== What to do ==
In the entries that follow, the lines from the one with "Vintage ceramic Laurel" through the one with "その6点目、大きさと高さの違う3つのイチョウの腰かけ―、" are the ones to write out, exactly and with both ends included. Nothing else should appear.

== Data in this exercise ==
++++

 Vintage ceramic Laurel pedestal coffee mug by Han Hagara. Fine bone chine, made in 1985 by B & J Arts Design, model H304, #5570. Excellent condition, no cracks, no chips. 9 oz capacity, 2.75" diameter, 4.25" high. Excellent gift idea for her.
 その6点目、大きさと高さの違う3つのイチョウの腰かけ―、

++++

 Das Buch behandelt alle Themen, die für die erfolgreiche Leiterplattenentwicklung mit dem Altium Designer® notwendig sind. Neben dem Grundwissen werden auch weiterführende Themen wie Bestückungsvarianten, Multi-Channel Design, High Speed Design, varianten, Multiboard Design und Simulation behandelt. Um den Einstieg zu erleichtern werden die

++++

== Completed exercise ==
 Vintage ceramic Laurel pedestal coffee mug by Han Hagara. Fine bone chine, made in 1985 by B & J Arts Design, model H304, #5570. Excellent condition, no cracks, no chips. 9 oz capacity, 2.75" diameter, 4.25" high. Excellent gift idea for her.
 その6点目、大きさと高さの違う3つのイチョウの腰かけ―、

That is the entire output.